Friday 24 September 2010

Discover Elephant Garlic


Elephant garlic, showing how it is composed of multiple cloves

  • Elephant garlic (Allium ampeloprasum var. ampeloprasum) is a plant belonging to the onion genus. 
  • It is not a true garlic, but actually a variant of the species to which the garden leek belongs. 
  • It has a tall, solid, flowering stalk and broad, flat leaves much like those of the leek, but forms a bulb consisting of very large, garlic-like cloves. 
  • The flavour of these, while not exactly like garlic, is much more similar to garlic than to leeks. 
  • The flavour is milder than garlic, and much more palatable to some people than garlic when used raw as in salads.
  • The name comes from its much larger size, being as big as the clenched fist of a man. 
  • Whilst it is much milder than traditional garlic, the individual cloves are big enough to roast whole.

Know your Elephant Garlic - Botany

  • The mature bulb is broken up into cloves which are quite large and with papery skins and these are used for both culinary purposes and propagation. 
  • There are also much smaller cloves with a hard shell that occur on the outside of the bulb. These are often ignored, but if they are planted, they will the first year produce a non-flowering plant which has a solid bulb, essentially a single large clove. 
  • In their second year, this single clove will break up into many separate cloves. 
  • Elephant garlic is not generally propagated by seeds.
  • The plant, if left alone, will spread into a clump with many flowering heads. These are often left in flower gardens as an ornamental and to discourage pests.
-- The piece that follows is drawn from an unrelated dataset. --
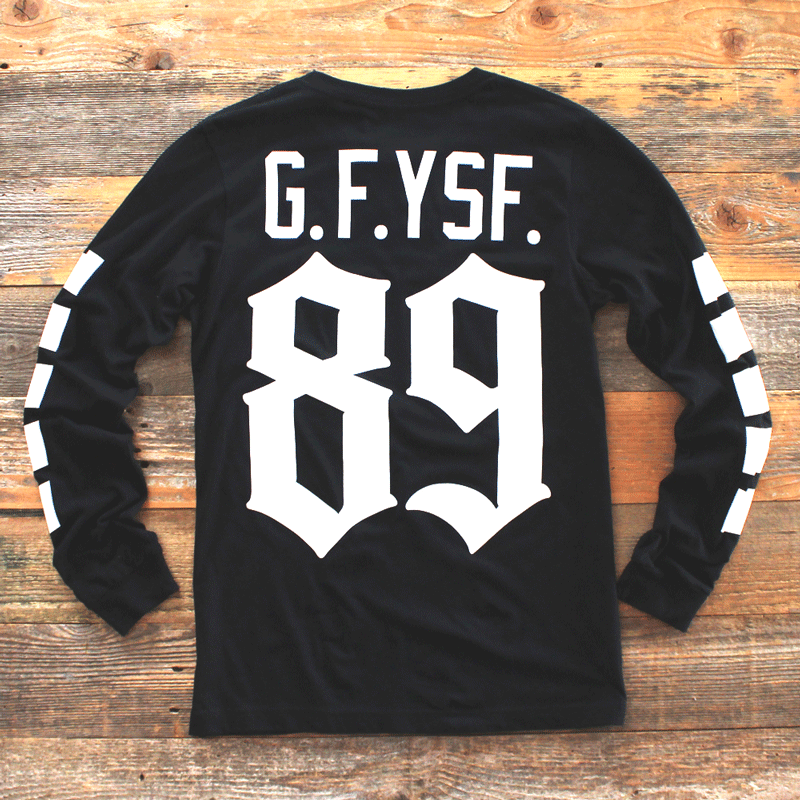 New for Spring '15 Team Goons remix premium long sleeve jersey. Super classic black/white color scheme. Left chest, two sleeves and the jumbo back. G.F.YSF. name plate. #8and9llife Get this one while you can. Certainly won't last long.

Know your Elephant Garlic - Origins

  • The earliest records show that it was grown in 17th century England, around 1650, by John Tradescant the Younger in England. 
  • Elephant Garlic is originally from the Eastern Mediterranean, and travelled to the Scio settlement in the Willamette Valley of Oregon in the U.S.A. with immigrants from the Eastern Balkans, for their own use. 
  • Elephant garlic was re-discovered in 1941 by an American nurseryman, Jim Nicholls, who found it growing wild in the gardens of the now abandoned Scio settlement. 
  • The "herb", as it was regarded locally, was called Scio's Giant Garlic.
  • Nicholls collected about 12lbs of it and bred selectively from the larger cloves. 
  • Over a period of twelve years he established a large, very hardy, disease free strain which he started selling commercially in 1953, having registered the name 'Elephant Garlic'.
  • Elephant Garlic and Leeks have both been selected over many centuries from wild garlic. Certainly, ordinary garlic, elephant garlic and leeks, all have the same form of flat, strap-like leaves, while onions and shallots have round, hollow leaves.

Know your Elephant Garlic - Uses


  • It’s possible to use cloves of elephant garlic as a vegetable—sliced and sautéed in butter or olive oil—as well as a flavoring agent. 
  • Each clove slips nicely out of its papery skin, and, in theory, one clove of elephant is equal in size and weight to about 18 to 20 cloves of regular garlic. 
  • Elephant garlic is a good choice if you want to impart the taste of garlic to a delicately flavoured dish.
  • Once cooked or grilled, elephant garlic takes on a gentle, sweet taste. 
  • Eat it by itself or spread it on a piece of Italian bread. 
  • Because it’s milder and less pungent than garlic, elephant garlic can be enjoyed sliced raw in salads.
  • When cooking elephant garlic, be aware that it tends to brown even more quickly than other types of garlic, and this may give it a bitter taste.